| Exercise goal |
The data below contains pictures, which are to be skipped; the lines starting at the line with "Moderný RTV stolík" and ending at the line with "4、点击之后,就进入【删除成" are to be output exactly, both ends included.

*** Task data ***

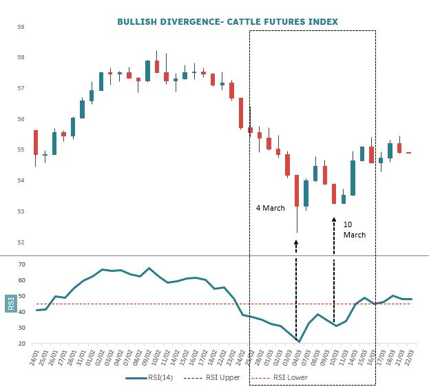Similar to a bearish divergence, however the bullish variant is a set up for a move higher. The classic interpretation is where price is in an extended decline and yet RSI starts creeping upwards – i.e. in the opposite direction. This signals that downside momentum is starting to weaken and suggests that the the downtrend is becoming exhausted – a precondition for an upside reversal and rally. You can think of RSI representing suction down and it’s not until the suction is absent that price can be released upwards again.
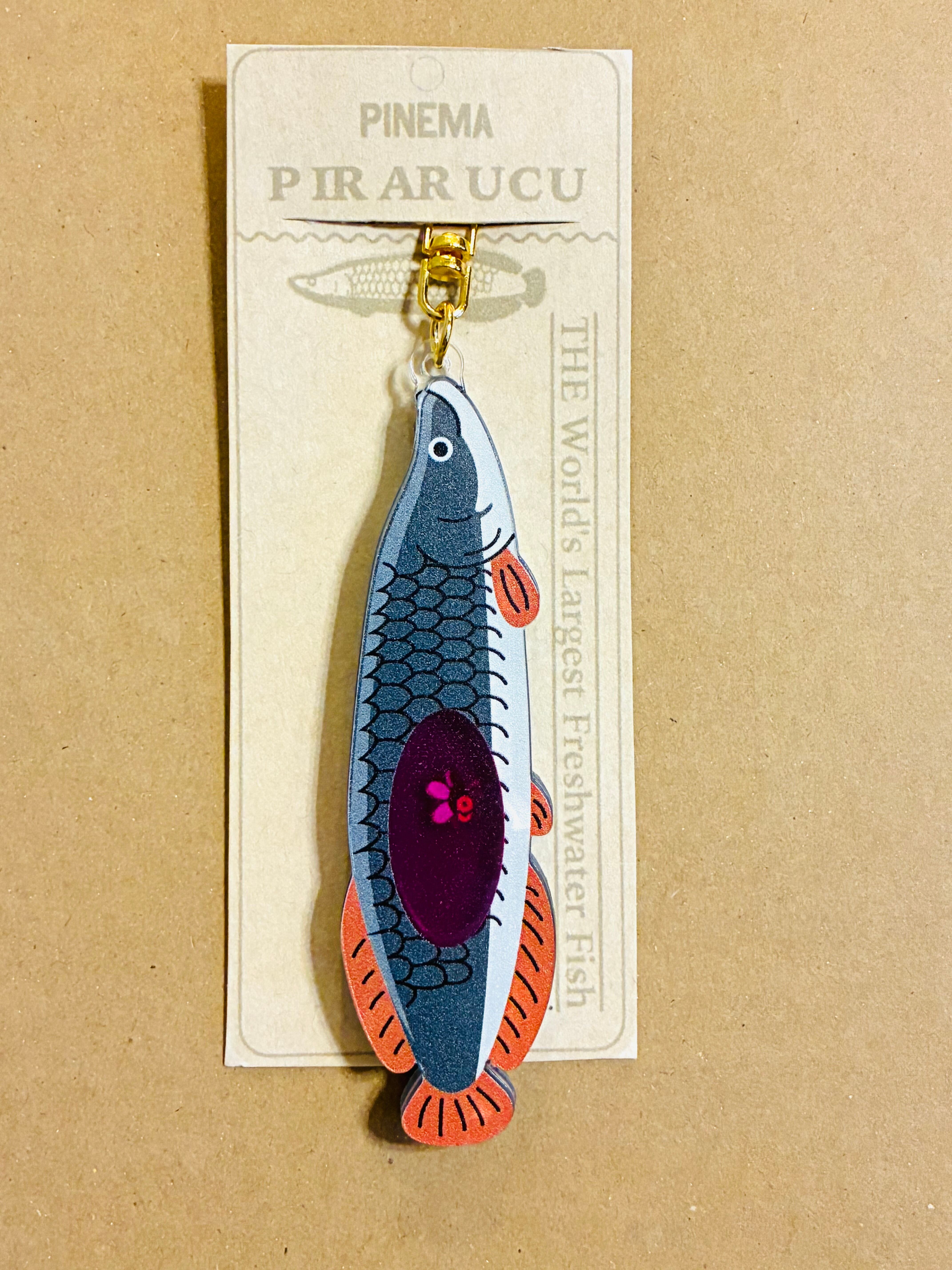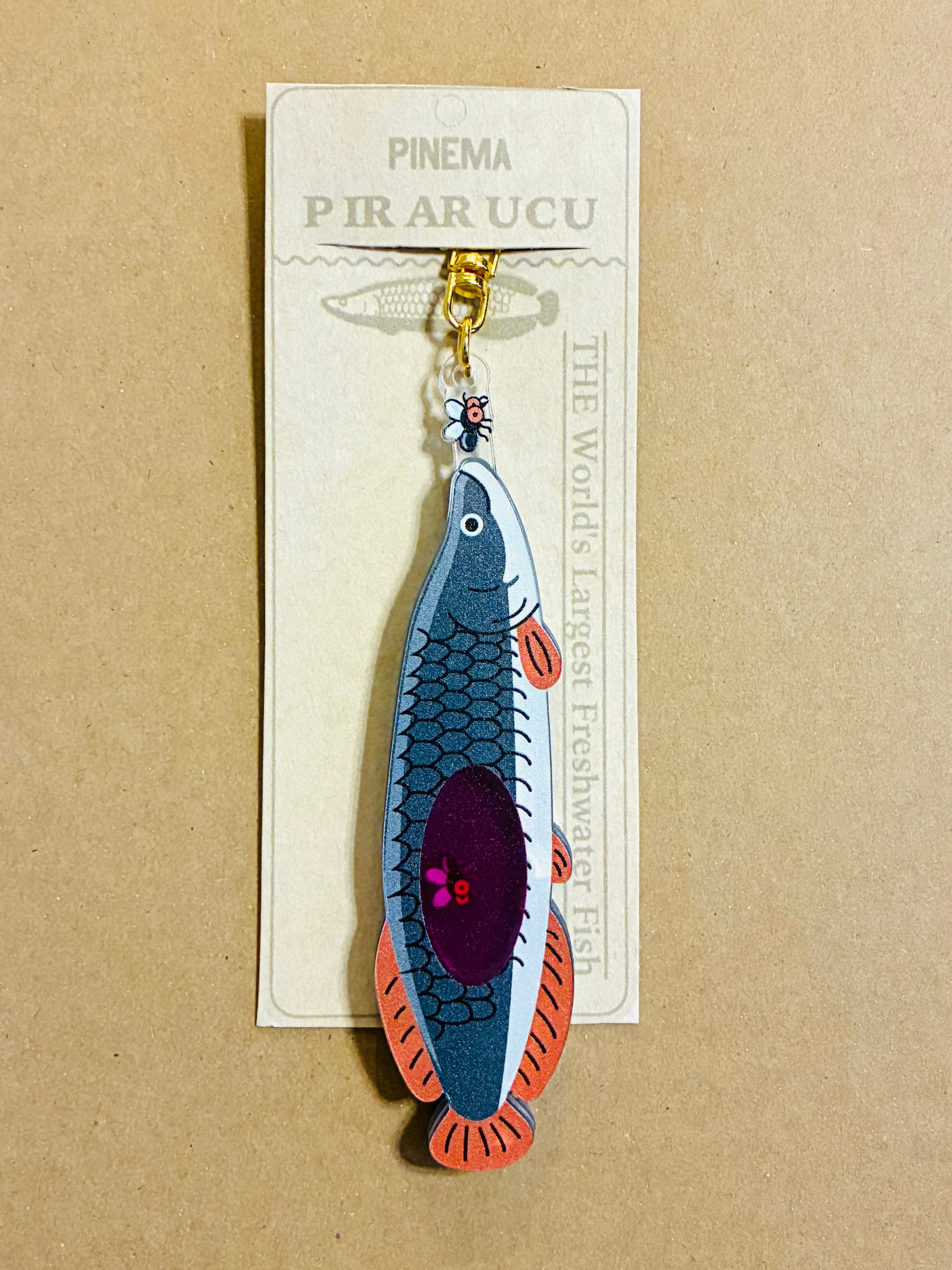世界最大の淡水魚、ピラルクがハエをハンティングするシーンをモチーフにしたキーリング。
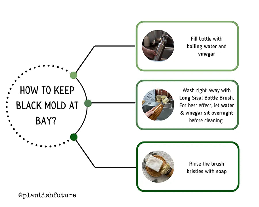 A reusable water bottle is far better than wasteful bottled water. However, if you do not clean your reusable water bottle regularly, then it could harbour harmful bacteria with black mould that could make you sick. Unwashed bottles can accumulate bacteria and can be dirtier than dog bowls and kitchen sinks.
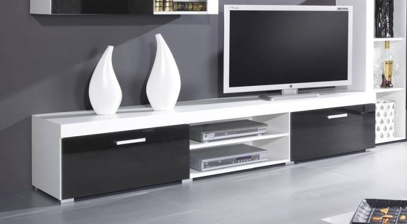 Moderný RTV stolík 200 v bielom matnom a čiernom lesklom prevedení je skvelou voľbou pre tých, ktorí hľadajú štýlový, ale zároveň praktický a funkčný kus nábytku pre svoju obývačku. Jeho sofistikovaný dizajn a vysoká funkčnosť sú ideálne pre elegantné a moderné domovy.
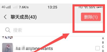 4、点击之后,就进入【删除成员】的页面,找到你需要踢掉的人,点击一下就可以勾选成功了。
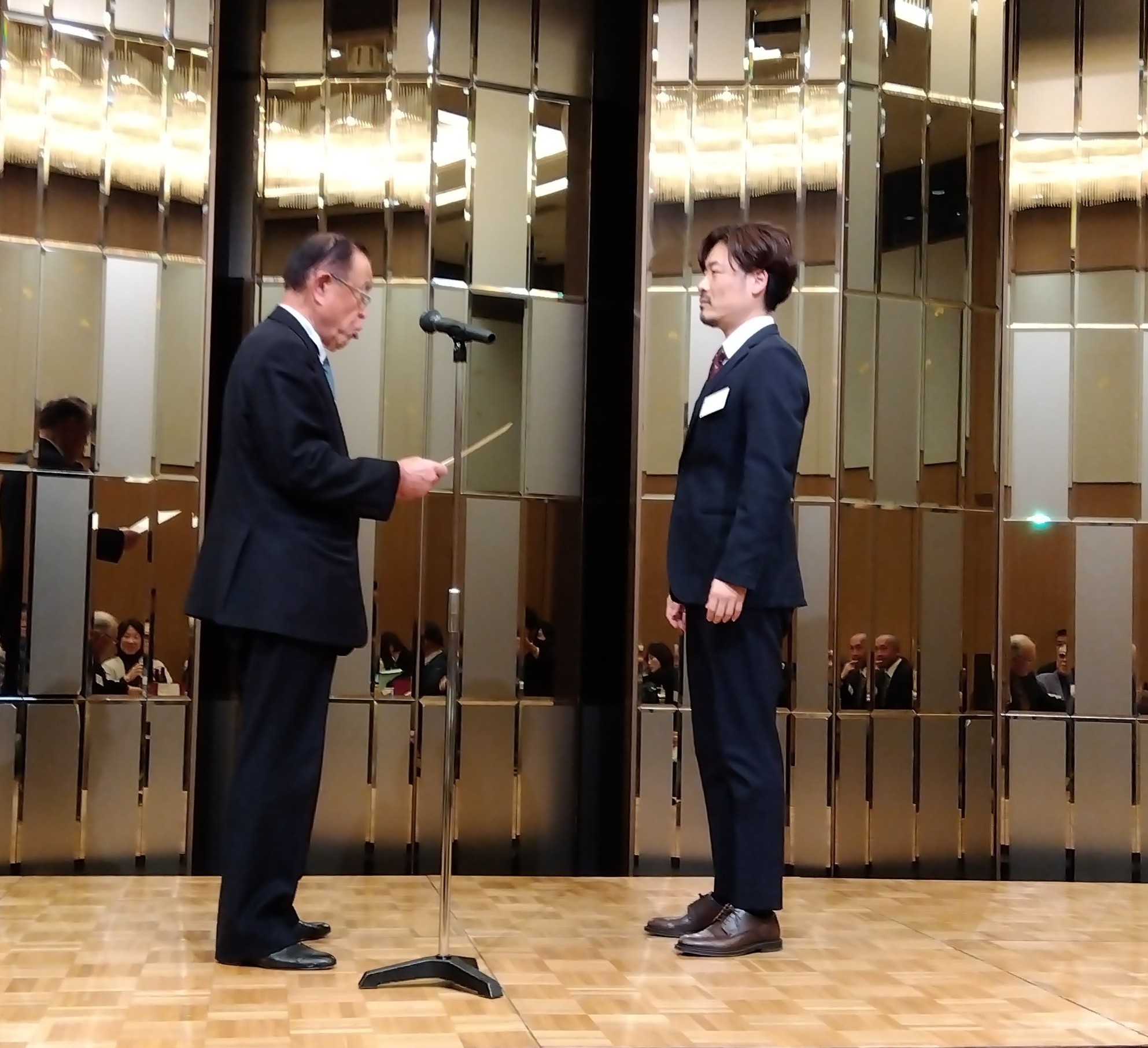 その後、中小企業診断士の中川義崇先生と、コンサルティング業務を専業としているつぐまたかこ先生へ外部審査員として審査を依頼しました。お二人それぞれの視点による厳正な審査の結果、ベスト5を決定し、令和8年1月28日(水)に新春懇親会「Welcome2026」(於:ANAクラウンプラザホテル金沢)の席上で表彰式を行いました。
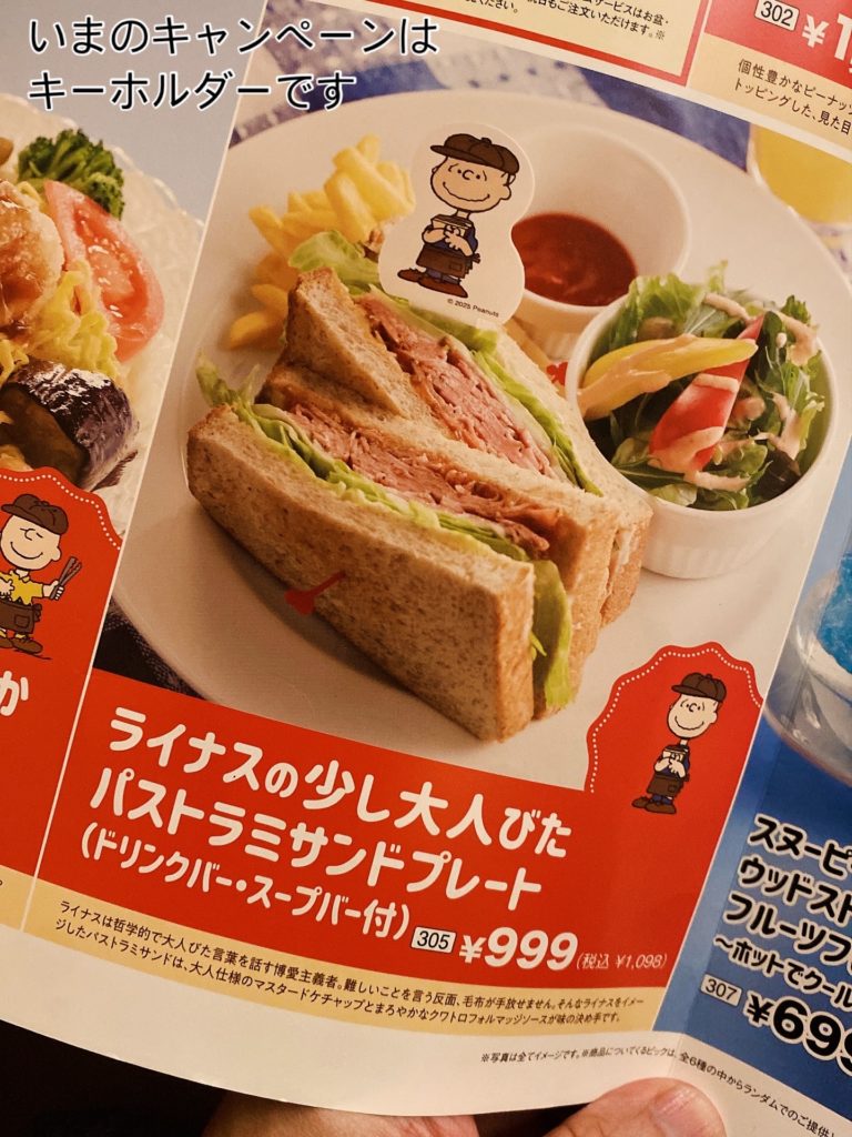 ジョイフルさんとピーナッツのコラボですが、わかりやすく言うと『スヌーピーコラボ』ですね。こういうコラボ商品は商品(食べ物)のほうも『しっかりと企画されてくる』ので、見た目の楽しみもありますが、味の方も毎回美味しいです。今回のメニューは、ドリンクバーとスープバーがついて税抜999円というお得さ。ミニサラダにポテトがあり、贅沢なサンドイッチは食べ応えありでありながら、ソースもかなり美味しい。オススメです。
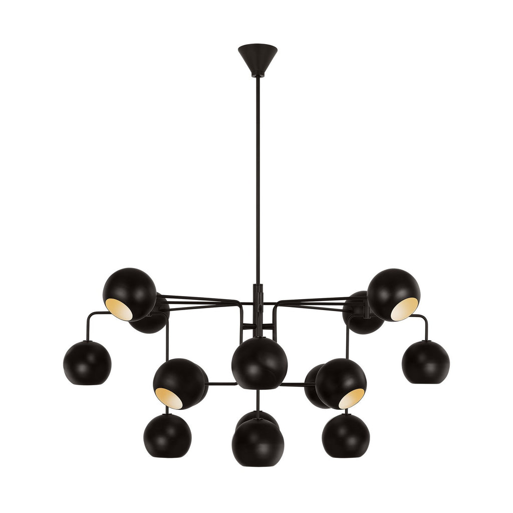 Designed by Christiane Lemieux, the Chaumont sixteen light multi tier chandelier in aged iron provides abundant light to your home, while adding style and interest. Inspired by the mobiles of Calder and classic French mid-century forms, the multi-directional shades suggest movement. This series includes 3 large chandeliers and a task sconce, all available in a dramatic Aged Iron living finish which will patina over time.
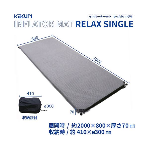 角利産業 KAKURI インフレーターマット 7cm厚 半自動的に空気が入る・アウトドアから災害時に ゆったりシングル 200×80×7cm KKR89207
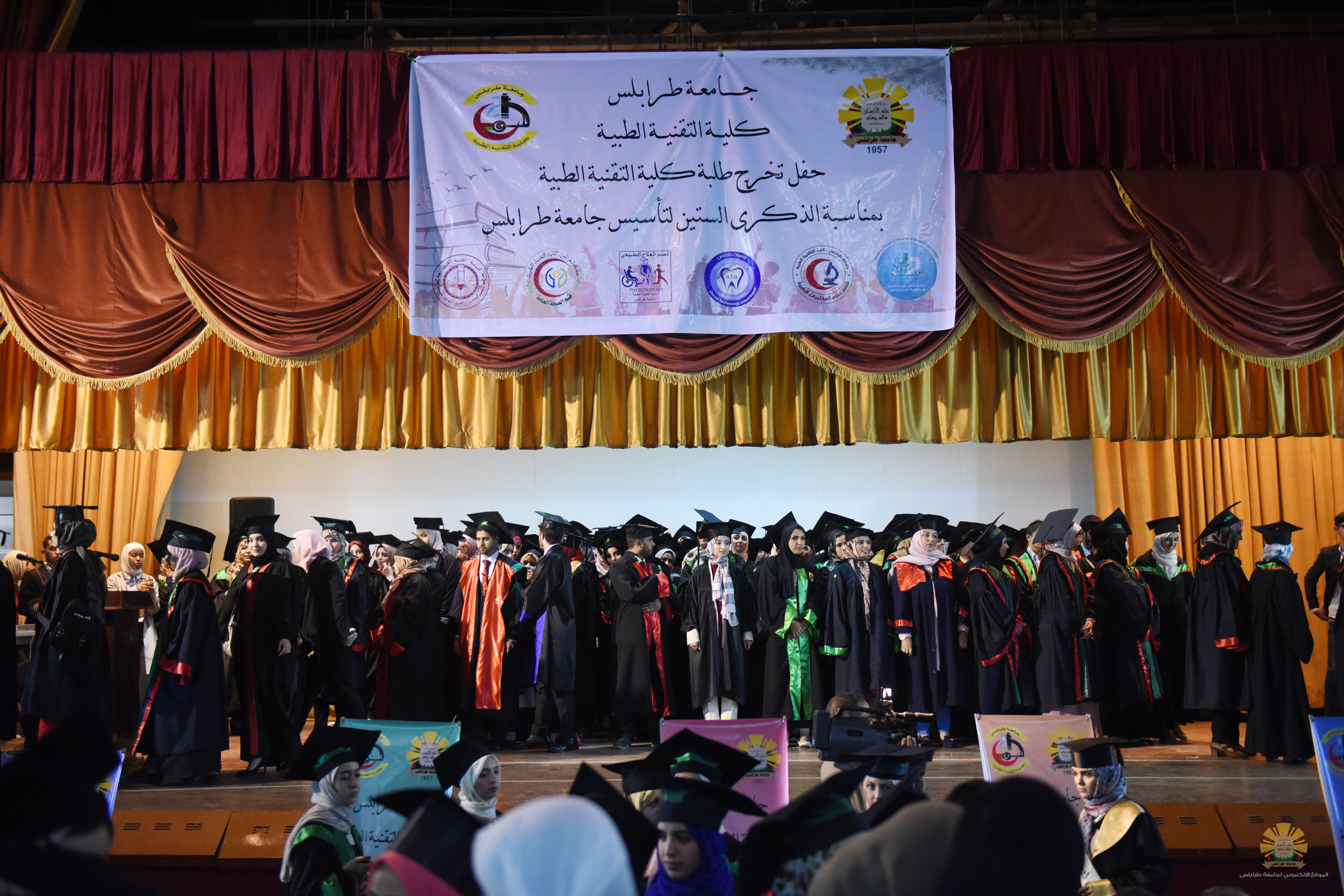 احتفلت كلية التقنية الطبية بمسرح كلية العلوم جامعة طرابلس صباح اليوم الأربعاء الموافق للسادس والعشرون من ديسمبر 2018، بتخريج دفعات من طلابها من كافة اقسام الكلية وذلك بحضور الأستاذ الدكتور "عبدالرزاق العوزي" وكيل الكليات الطبية والمسجل العام للجامعة وعميد كلية التقنية الطبية وبعض من عمداء ووكلاء

***

| Task response |
 Moderný RTV stolík 200 v bielom matnom a čiernom lesklom prevedení je skvelou voľbou pre tých, ktorí hľadajú štýlový, ale zároveň praktický a funkčný kus nábytku pre svoju obývačku. Jeho sofistikovaný dizajn a vysoká funkčnosť sú ideálne pre elegantné a moderné domovy.
 4、点击之后,就进入【删除成员】的页面,找到你需要踢掉的人,点击一下就可以勾选成功了。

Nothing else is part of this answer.